▶ **The problem**: Below are entries. Copy exactly the lines running from the line that holds "巡邏民警在接到女士的求助后迅" to the line that holds "Radiographie panoramique du", with both ends included.

▶ **Data provided**:
□ □ □

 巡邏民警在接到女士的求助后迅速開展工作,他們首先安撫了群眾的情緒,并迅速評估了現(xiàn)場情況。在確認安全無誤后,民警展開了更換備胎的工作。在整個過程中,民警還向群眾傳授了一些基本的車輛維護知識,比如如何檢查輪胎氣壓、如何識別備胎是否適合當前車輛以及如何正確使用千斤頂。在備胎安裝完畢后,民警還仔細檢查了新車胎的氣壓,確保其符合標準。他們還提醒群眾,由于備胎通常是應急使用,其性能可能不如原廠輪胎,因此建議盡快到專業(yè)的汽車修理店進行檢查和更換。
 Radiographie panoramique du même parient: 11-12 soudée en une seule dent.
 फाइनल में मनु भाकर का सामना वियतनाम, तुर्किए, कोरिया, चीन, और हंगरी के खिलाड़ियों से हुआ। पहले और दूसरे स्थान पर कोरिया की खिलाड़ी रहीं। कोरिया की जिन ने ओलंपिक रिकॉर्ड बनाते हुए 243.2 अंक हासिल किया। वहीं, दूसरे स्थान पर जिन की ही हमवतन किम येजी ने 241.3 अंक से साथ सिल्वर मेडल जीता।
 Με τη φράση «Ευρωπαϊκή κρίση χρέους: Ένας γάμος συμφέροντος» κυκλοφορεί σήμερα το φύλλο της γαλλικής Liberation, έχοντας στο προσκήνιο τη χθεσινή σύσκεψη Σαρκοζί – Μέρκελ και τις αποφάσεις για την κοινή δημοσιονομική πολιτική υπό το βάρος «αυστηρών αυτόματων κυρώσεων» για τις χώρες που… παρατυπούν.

□ □ □

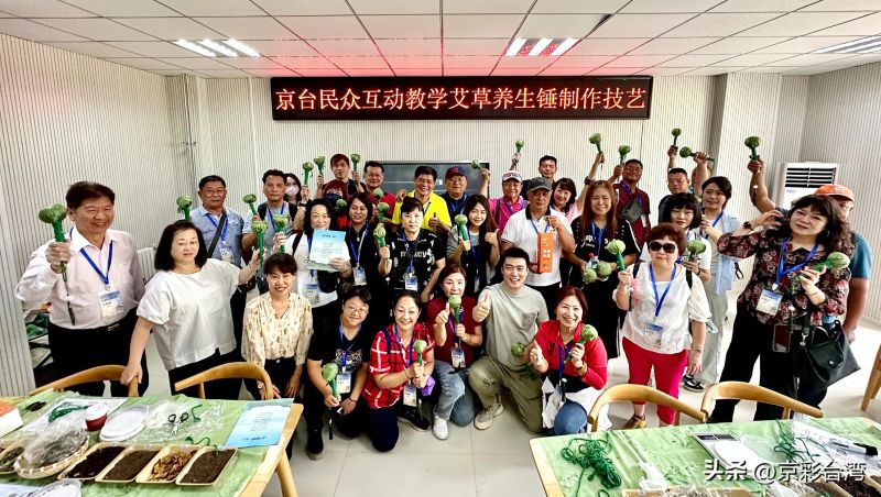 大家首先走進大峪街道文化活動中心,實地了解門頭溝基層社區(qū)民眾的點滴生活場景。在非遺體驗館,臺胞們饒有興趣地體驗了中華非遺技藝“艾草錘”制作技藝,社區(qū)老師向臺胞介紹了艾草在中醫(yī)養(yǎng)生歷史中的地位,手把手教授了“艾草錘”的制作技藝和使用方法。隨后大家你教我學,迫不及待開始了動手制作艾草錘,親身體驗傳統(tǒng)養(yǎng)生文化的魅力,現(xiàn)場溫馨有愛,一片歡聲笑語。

□ □ □

▶ **Final answer**:
 巡邏民警在接到女士的求助后迅速開展工作,他們首先安撫了群眾的情緒,并迅速評估了現(xiàn)場情況。在確認安全無誤后,民警展開了更換備胎的工作。在整個過程中,民警還向群眾傳授了一些基本的車輛維護知識,比如如何檢查輪胎氣壓、如何識別備胎是否適合當前車輛以及如何正確使用千斤頂。在備胎安裝完畢后,民警還仔細檢查了新車胎的氣壓,確保其符合標準。他們還提醒群眾,由于備胎通常是應急使用,其性能可能不如原廠輪胎,因此建議盡快到專業(yè)的汽車修理店進行檢查和更換。
 Radiographie panoramique du même parient: 11-12 soudée en une seule dent.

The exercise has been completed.